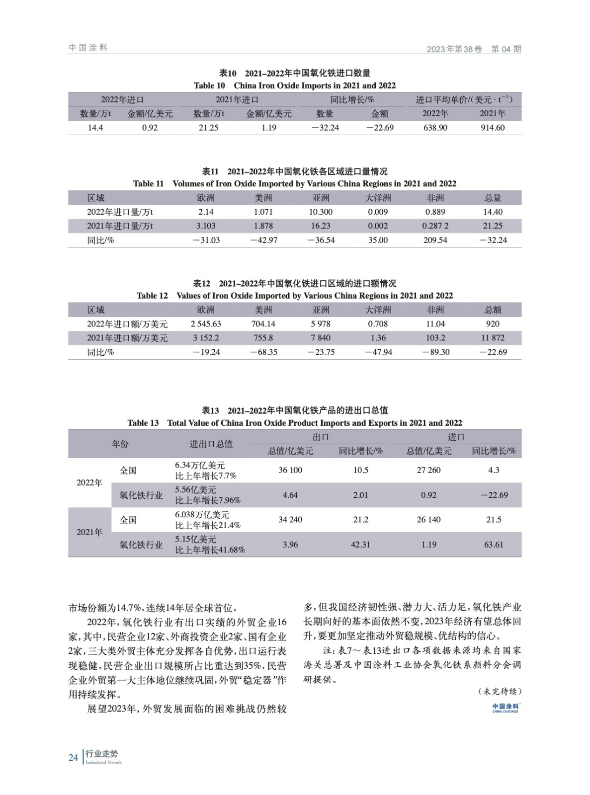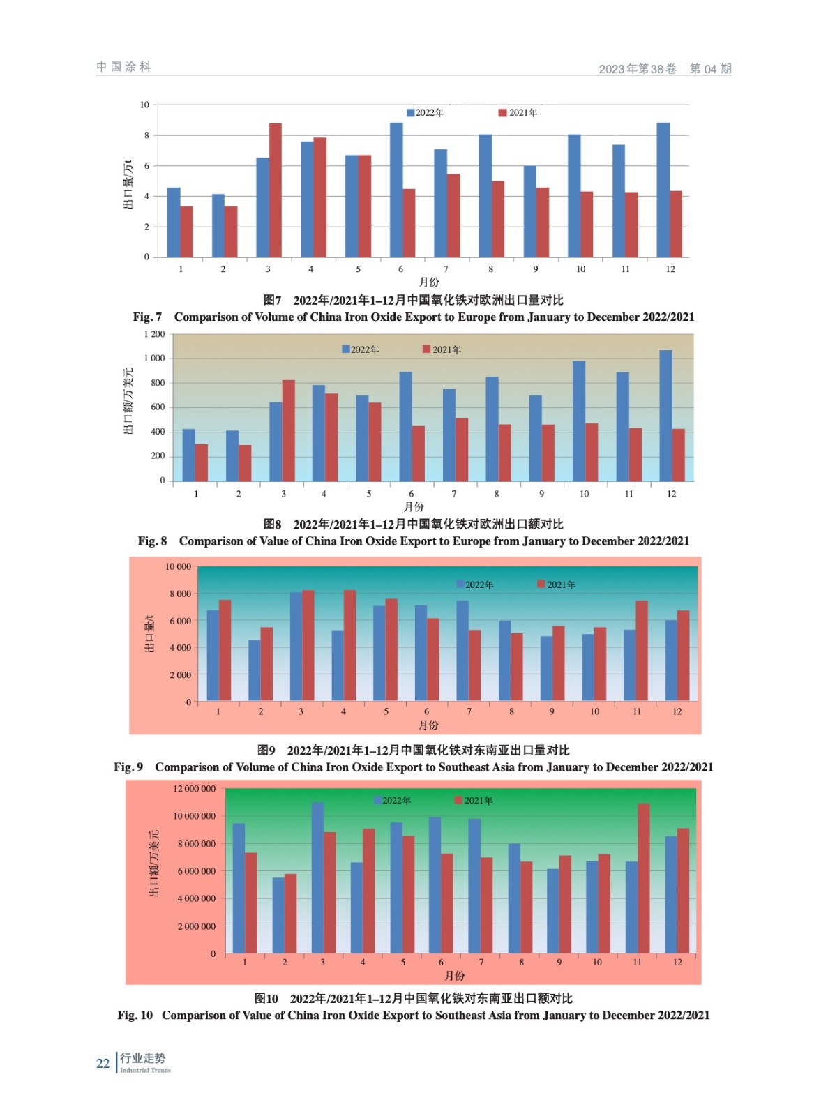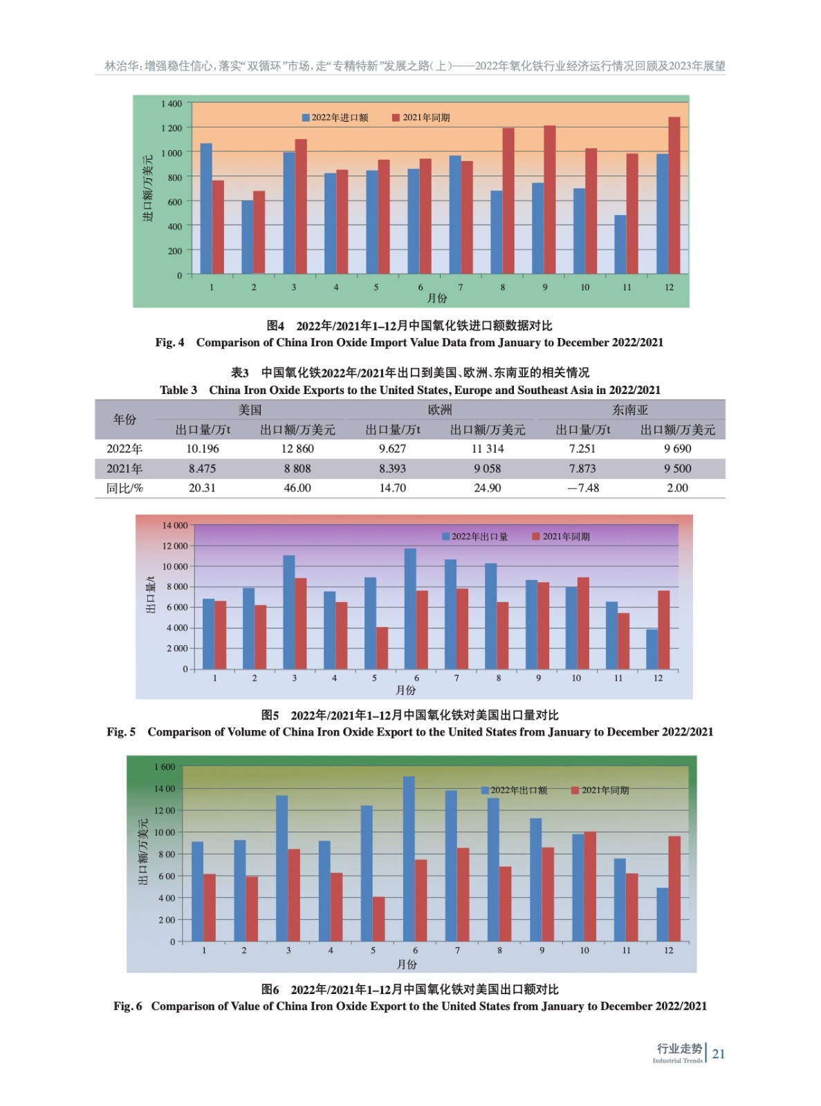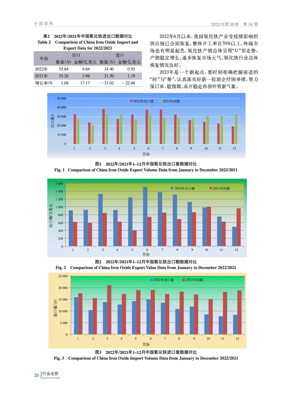 摘要:綜述了2022年中國(guó)氧化鐵行業(yè)所處的經(jīng)濟(jì)環(huán)境,梳理了各項(xiàng)技術(shù)經(jīng)濟(jì)指標(biāo)完成情況、生產(chǎn)營(yíng)銷情況,并對(duì)行業(yè)進(jìn)出口數(shù)據(jù)進(jìn)行了分析,從能耗、標(biāo)準(zhǔn)等回顧了氧化鐵行業(yè)2022年發(fā)展?fàn)顩r,并展望了2023年發(fā)展方向,并指出了行業(yè)發(fā)展方向。
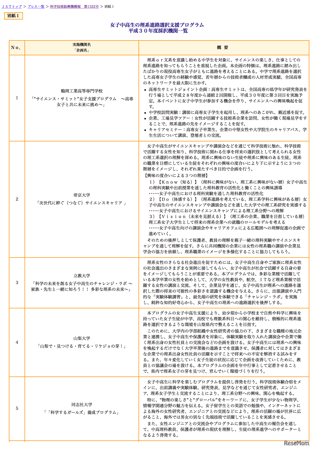 科学技術振興機構(JST)は平成30年5月29日、「女子中高生の理系進路選択支援プログラム」の平成30年度採択機関を発表した。応募21件から、立教大学や同志社大学、鶴岡工業高等専門学校など10機関が選定された。
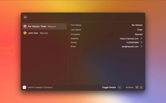 Disclaimer: This is not an official HubSpot product. It is a raycast plugin created by a third party and may not accurately reflect the features and capabilities of HubSpot products. Please refer to the official HubSpot website for accurate and up-to-date product information.
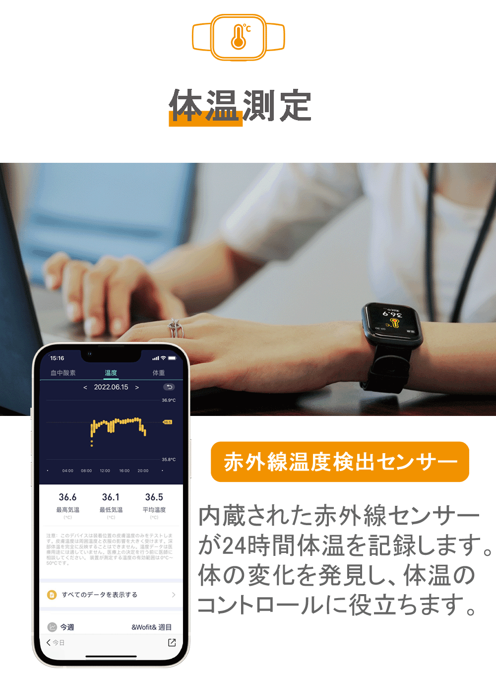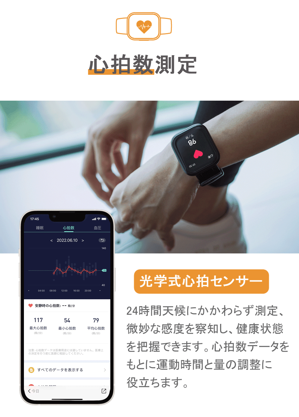 運動量だけでなく心拍数・体温測定、そしてスマートフォンと連動しメッセージ通知や音楽コントロールと手元で完結させたい機能だけをこの一台に集約しました。
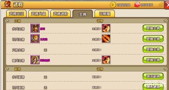 首先为大家介绍一下主将。步兵、弓兵、火枪、骑兵每个阵营可设置一名主将,设置为主将的武将可100%释放主将技。

WORK INSTRUCTION:
Starting at the line that contains "運動量だけでなく心拍数・体温", please write out each line through the last line of the data, both ends included, and keep pictures out of the copy.

RESULT:
 運動量だけでなく心拍数・体温測定、そしてスマートフォンと連動しメッセージ通知や音楽コントロールと手元で完結させたい機能だけをこの一台に集約しました。
 首先为大家介绍一下主将。步兵、弓兵、火枪、骑兵每个阵营可设置一名主将,设置为主将的武将可100%释放主将技。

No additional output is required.